Thursday 7 October 2021, 7.30pm

caroline + Shovel Dance Collective

No Longer Available

caroline began in early 2017, evolving out of weekly improvisation sessions. Band members brought together their shared influences, including Midwestern emo, Appalachian folk, minimalist classical and various forms of electronic music, slowly expanding their on-stage membership as the songs developed. Rough Trade released their debut single “Dark blue” in March 2020, and the eight-piece were nominated as Ones To Watch at the 2020 AIM Awards, and narrowly beaten by Arlo Parks. 

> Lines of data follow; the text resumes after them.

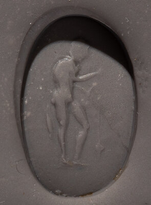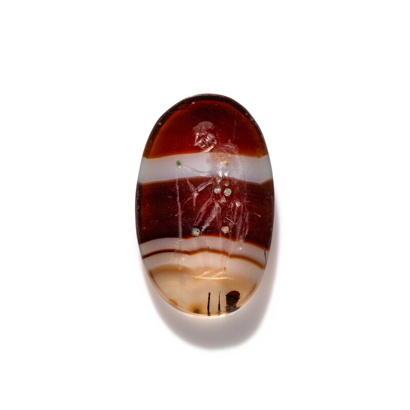 A Roman Banded Agate Ring Stone with a Fisherman and His Catch
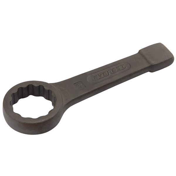 A flat pattern spanner with one end designed for striking. The spanner is forged from good quality carbon steel, hardened and tempered with a black phosphate finish.
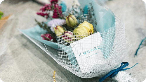 - 簡単な7個の質問にお答えいただき、それをもとにお話をしながら、あなた自身やあなたが想いを寄せる人のイメージにぴったりな花束を作るお店です。
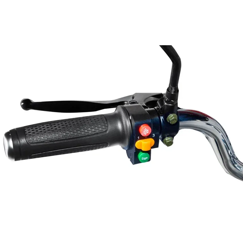 При мощности двигателя 500Вт максимальная скорость составляет 50 км/час. Наличие емкой АКБ в сочетании с другими элементами тс допускает преодоление 45 км пути на 1 подзарядке. При переходе на педальный режим дальность пути увеличивается.
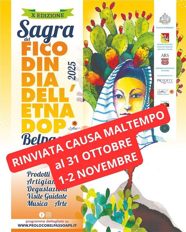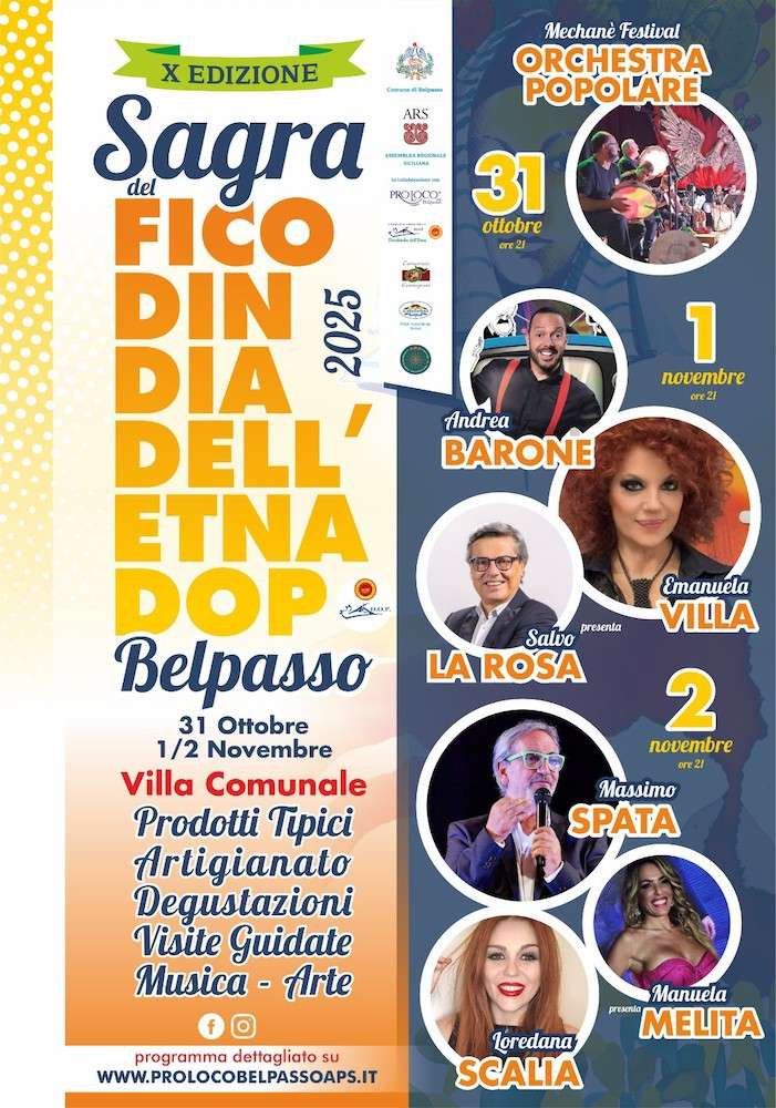 Dal 31 ottobre al 2 novembre a Belpasso si svolgerà la Sagra del ficodindia dell’Etna D.O.P. che ha lo scopo di promuovere una delle eccellenze del territorio belpassese e etneo. La zona di produzione del Ficodindia dell’Etna D.O.P. comprende i territori ubicati ad una altitudine che va dai 150 ai 750 m. s.l.m., caratterizzati da terreni lavici, dei comuni di Adrano, Belpasso, Biancavilla, Bronte, Camporotondo Etneo, Paternò, Ragalna e Santa Maria di Licodia.
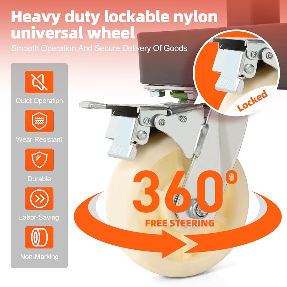 【All-terrain nylon wheels - Smooth travel on any road surface】 Heavy-duty national standard nylon wheels, anti-slip and wear-resistant, can easily handle various complex terrains such as indoor floors, outdoor sand and gravel, and muddy roads. It is smooth and effortless to push and pull without damaging the floor
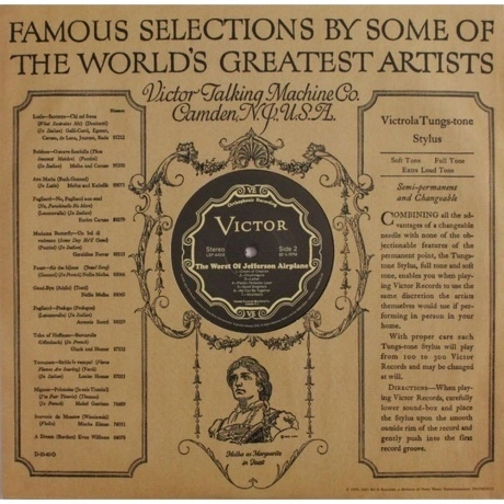 Переиздание на 180-граммовом виниле компиляции знаменитой американской рок-группы Jefferson Airplane The Worst Of Jefferson Airplane 1970 года.. The Worst of Jefferson Airplane — первый сборник американской рок-группы Jefferson Airplane, выпущенный в 1970 году на лейбле RCA Records. Выбор композиций для сборника примерно равномерно распределился между предыдущими пятью альбома группы. Исключением составляет «Plastic Fantastic Lover», живая композиция с единственного на тот момент концертника Bless Its Pointed Little Head.
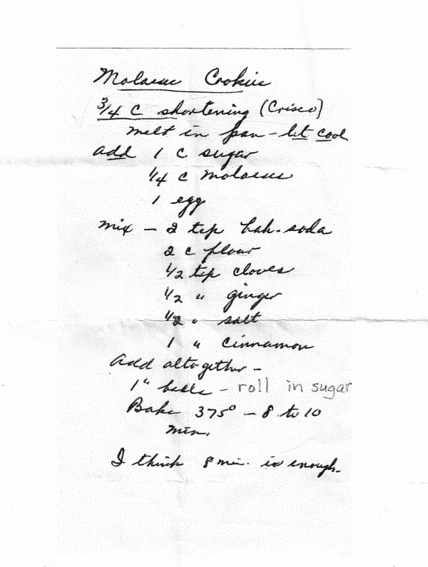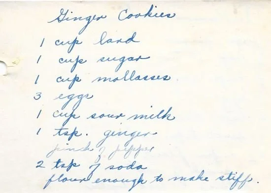 These recipes are submissions the artist received in response to her project Cookie Calls, which she conceived of and developed during her 2020-21 Digital Earth Fellowship. These hand-written recipes, Molasses Cookies and Ginger Cookies were submitted by OO and MO.
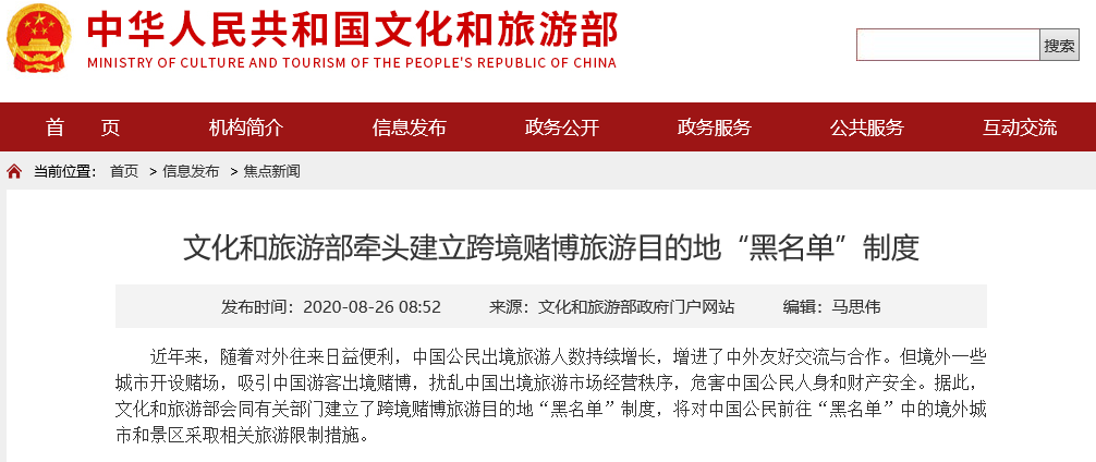 新華網(wǎng)北京8月26日電(記者 薛楓)據(jù)文化和旅游部網(wǎng)站消息,近年來(lái),隨著對(duì)外往來(lái)日益便利,中國(guó)公民出境旅游人數(shù)持續(xù)增長(zhǎng),增進(jìn)了中外友好交流與合作。但境外一些城市開設(shè)賭場(chǎng),吸引中國(guó)游客出境賭博,擾亂中國(guó)出境旅游市場(chǎng)經(jīng)營(yíng)秩序,危害中國(guó)公民人身和財(cái)產(chǎn)安全。據(jù)此,文化和旅游部會(huì)同有關(guān)部門建立了跨境賭博旅游目的地“黑名單”制度,將對(duì)中國(guó)公民前往“黑名單”中的境外城市和景區(qū)采取相關(guān)旅游限制措施。

“Skydiving onto the library roof” represents a new development in caroline’s songwriting process. Built on what the band refer to as a “broken loop” with no fixed pulse or rhythm, the song represents the start of their ongoing explorations into non-gridded time signatures and improvisation. “We’ve always been interested in patterns and repetition and that definitely features in a big way, although rather than there being a minimalistic, mechanical precision to the repetition, each one is unique,” they explain of the track. “The essence of the song - the broken loop - came early in the process and everything else seemed to naturally evolve out of it, as if the other parts were already contained within the broken loop and just needed to be unpacked.”

Shovel Dance Collective

After a variety of regular meet-ups, chance encounters and song-filled trips to Margate by old friends, new friends and friends of friends - the nine musicians of Shovel Dance Collective were formed. They are brought together by a communal passion for the folk traditions of England, Scotland, Ireland, and beyond. Not only preserving, they act to nurture and synthesise this source material with the members eclectic interest in other musical forms, by drawing sensibilities from drone, free improvisation, contemporary classical and metal. With a rich array of instrumentation at their disposal they dig up new ways of playing through research in primary sources and folkloric history. Woven deeply into the fabric of the collective is a sense of folk as the music of working people, a set of narratives that hold within them queer histories, proto-feminist narratives and the rich world of those who created and create the wealths of the world. They are simultaneously traditional and experimental, not seeing folk music as an archaeological artefact to be unearthed, but as a living and breathing communal activity that is inviting and generous to those it speaks to.